In its accidental elements the picture comes to life. Accidents are infrequent in Byron Harmon’s photographs, given his predilection for elaborate planning, the articulation of details, playing light and shadow in elegant chiaroscuro. In a hotel we like to believe is haunted, it is appropriate the lobby should have spectres, the ghosts of the long exposure. The three men near the pillar to the right are one; the two women behind the desk may be one; and the blur of the man reading the newspaper with the woman at the writing desk behind him is so chimerical we must believe it was built into the hotel. In the photograph we see a past the camera did not know was there.

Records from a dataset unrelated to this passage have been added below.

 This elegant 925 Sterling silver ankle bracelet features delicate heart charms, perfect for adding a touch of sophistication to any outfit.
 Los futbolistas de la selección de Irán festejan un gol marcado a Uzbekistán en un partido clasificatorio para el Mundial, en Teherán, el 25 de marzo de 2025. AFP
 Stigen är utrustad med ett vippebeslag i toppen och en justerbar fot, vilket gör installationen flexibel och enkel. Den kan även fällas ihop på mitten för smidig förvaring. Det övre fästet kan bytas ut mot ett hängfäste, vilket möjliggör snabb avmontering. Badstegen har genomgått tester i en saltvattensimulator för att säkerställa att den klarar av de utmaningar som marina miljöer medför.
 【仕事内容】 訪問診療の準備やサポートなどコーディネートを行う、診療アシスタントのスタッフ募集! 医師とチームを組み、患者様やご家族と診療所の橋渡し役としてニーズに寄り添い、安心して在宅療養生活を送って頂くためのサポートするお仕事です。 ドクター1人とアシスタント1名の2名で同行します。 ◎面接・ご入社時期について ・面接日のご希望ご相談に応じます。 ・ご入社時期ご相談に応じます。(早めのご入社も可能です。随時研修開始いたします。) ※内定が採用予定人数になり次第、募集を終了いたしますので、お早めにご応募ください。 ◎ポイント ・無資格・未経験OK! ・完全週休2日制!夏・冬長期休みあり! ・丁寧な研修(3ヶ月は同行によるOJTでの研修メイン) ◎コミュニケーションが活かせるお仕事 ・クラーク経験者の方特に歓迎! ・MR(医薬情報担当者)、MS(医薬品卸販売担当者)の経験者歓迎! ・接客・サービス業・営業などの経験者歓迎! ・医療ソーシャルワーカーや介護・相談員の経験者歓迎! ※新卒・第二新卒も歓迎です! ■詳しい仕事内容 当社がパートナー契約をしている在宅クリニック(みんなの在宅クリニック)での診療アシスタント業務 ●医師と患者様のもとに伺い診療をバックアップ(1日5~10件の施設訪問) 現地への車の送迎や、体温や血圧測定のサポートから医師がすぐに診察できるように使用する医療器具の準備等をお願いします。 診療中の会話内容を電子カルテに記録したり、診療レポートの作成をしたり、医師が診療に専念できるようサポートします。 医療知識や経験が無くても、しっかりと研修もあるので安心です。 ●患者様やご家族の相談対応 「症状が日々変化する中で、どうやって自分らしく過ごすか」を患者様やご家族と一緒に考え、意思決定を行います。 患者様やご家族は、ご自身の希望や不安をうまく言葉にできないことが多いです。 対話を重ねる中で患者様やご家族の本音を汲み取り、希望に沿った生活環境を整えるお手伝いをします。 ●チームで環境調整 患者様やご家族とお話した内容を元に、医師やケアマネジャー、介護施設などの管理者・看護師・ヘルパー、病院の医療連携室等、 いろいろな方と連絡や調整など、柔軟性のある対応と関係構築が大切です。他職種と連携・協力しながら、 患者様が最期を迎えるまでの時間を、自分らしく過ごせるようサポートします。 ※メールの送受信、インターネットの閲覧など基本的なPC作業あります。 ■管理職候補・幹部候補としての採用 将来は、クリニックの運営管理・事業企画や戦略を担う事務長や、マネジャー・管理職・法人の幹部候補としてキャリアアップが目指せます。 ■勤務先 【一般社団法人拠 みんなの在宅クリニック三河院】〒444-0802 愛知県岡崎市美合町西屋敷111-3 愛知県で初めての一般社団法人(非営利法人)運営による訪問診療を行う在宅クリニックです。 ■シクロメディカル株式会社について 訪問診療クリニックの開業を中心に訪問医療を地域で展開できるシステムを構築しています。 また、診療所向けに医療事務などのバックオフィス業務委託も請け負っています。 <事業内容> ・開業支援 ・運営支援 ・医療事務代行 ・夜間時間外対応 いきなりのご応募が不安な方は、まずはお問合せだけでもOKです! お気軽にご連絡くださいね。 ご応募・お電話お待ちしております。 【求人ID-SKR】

In less obvious ways other photographs by Byron Harmon capture a fanciful past. The tales he was telling were well on their way to myth. The mountain West was a refuge for people who refused to move too rapidly into the twentieth century. In selecting the works for the present volume, we wanted to demonstrate Byron Harmon’s facility with diverse subjects, concentrate on his principal themes and reveal his special interests: his love of faces, an aspect of characterization rather than a carryover from his earlier work in portraiture; his passion for the country above tree line, a black-and-white world so perfectly suited in its contrasts to his medium; and his fascination with the sensuousness of snow and glacial ice, to which he was drawn so compulsively we might suspect a ‘Snow Queen’ fable had some personal significance.

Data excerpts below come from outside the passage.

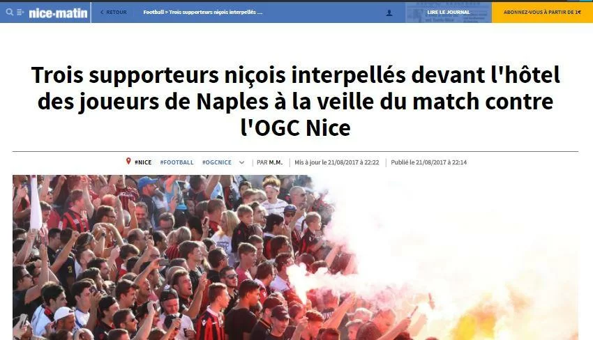 La partita tra Napoli e Nizza si prevede calda anche fuori dal campo. Secondo quanto riportato dal Nice Matin infatti già sono dovute intervenire le forze dell’ordine. Una dozzina di supporters francesi si sono radunati alla vigilia del match fuori l’hotel dove risiedono i calciatori azzurri.
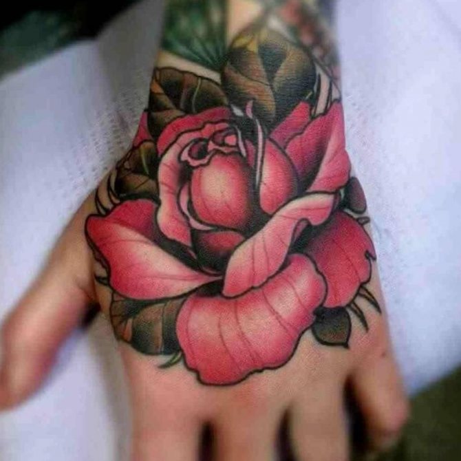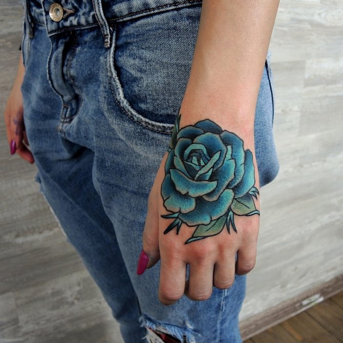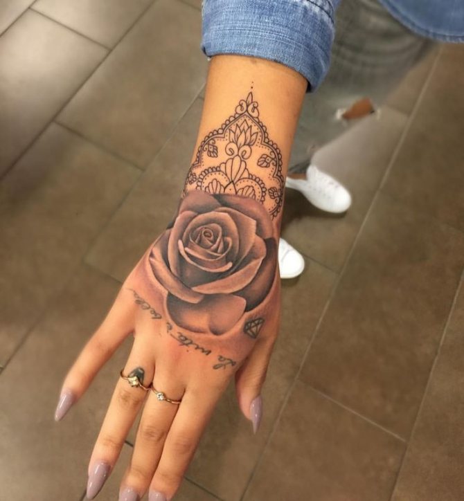 Floral motifs are the most popular solution among the fair sex. And tattoos with roses on hands and at all occupy a place of honor.
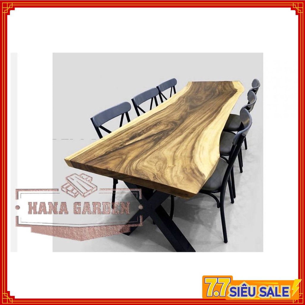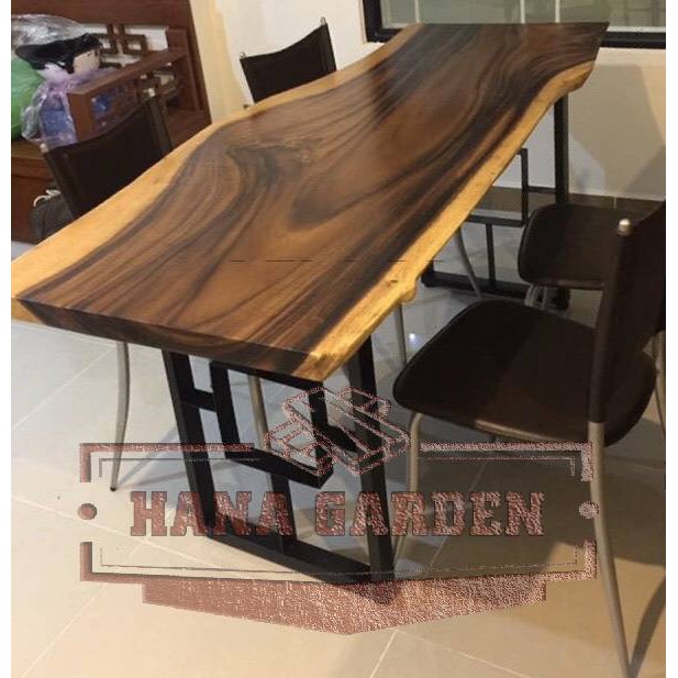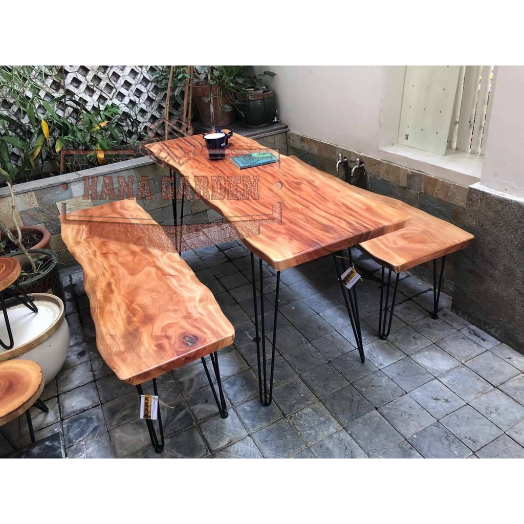 - Chất liệu: Gỗ Me Tây Tự Nhiên và chân thép đã sơn tĩnh điện có khả năng chống rỉ sét và xước.

In the full range of the more than six thousand glass plates, nitrate negatives, negative copies, and prints which the Harmon family has given to the Peter Whyte Foundation in Banff, the diversity is remarkable. They include portraiture (formal, informal, and environmental); obvious postcard material, like ‘Elsie Brooks with a bear’ or ‘Mount Rundle and Echo Creek; record shots for documentation that transcend their rationale, like ‘A.O. Wheeler and T.G. Longstaff’; unusual and grotesque shots, like the haunting images of men in the mouths of ice or glacier caves; action material, like the photograph of the immense snow cube falling from the roof of Glacier House, which suggests some of Robert Cumming’s photography. Rare, wonderful and inimitable works.

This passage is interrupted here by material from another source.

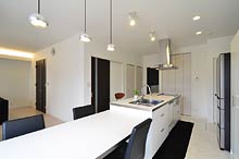 「お友達と一緒に楽しく料理がしたい」「お子様を見守りながら家事がしたい」「将来は子どもと並んで料理がしたい」との奥様の希望で、アイランド型キッチンを採用。システムキッチンとダイニングテーブルは同じ素材で統一感を持たせ、床はホワイトの光沢のあるタイル調フローリングに。
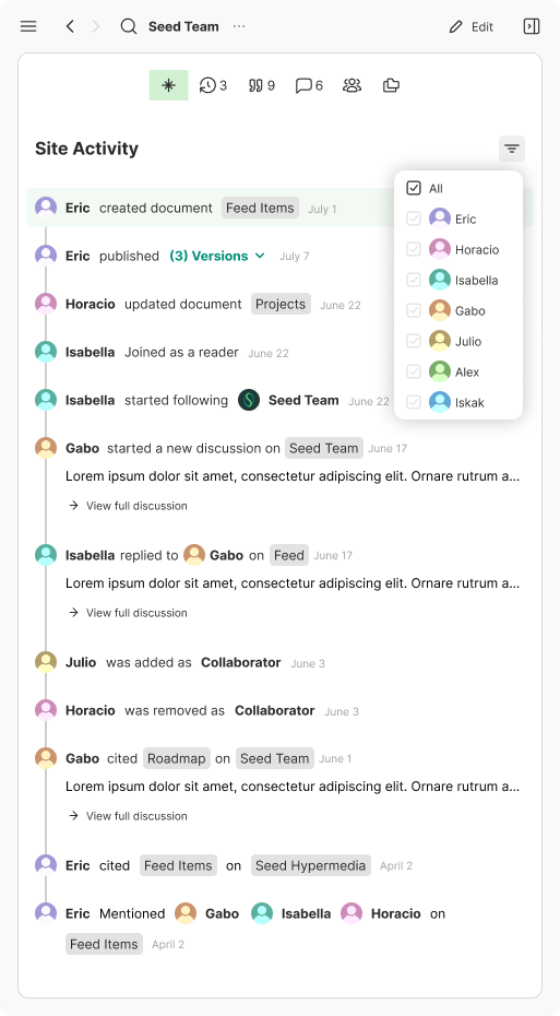 The items in the version history don't have constancy with the items in the all activity panel. The design should be unified so the element have consistency.

Harmon’s sense of humour was never cynical and rarely melancholy. Its pleasant chuckles, wry comment, and occasional exuberant silliness spread from the humorous photographs to illuminate the rest of his work. That ballet of awkwardness and grace that is the self-portrait of Byron up to his calves in water filming the fisherman is typical. He may have put his people into awkward places for the sake of a photograph, but the places were no less awkward for him.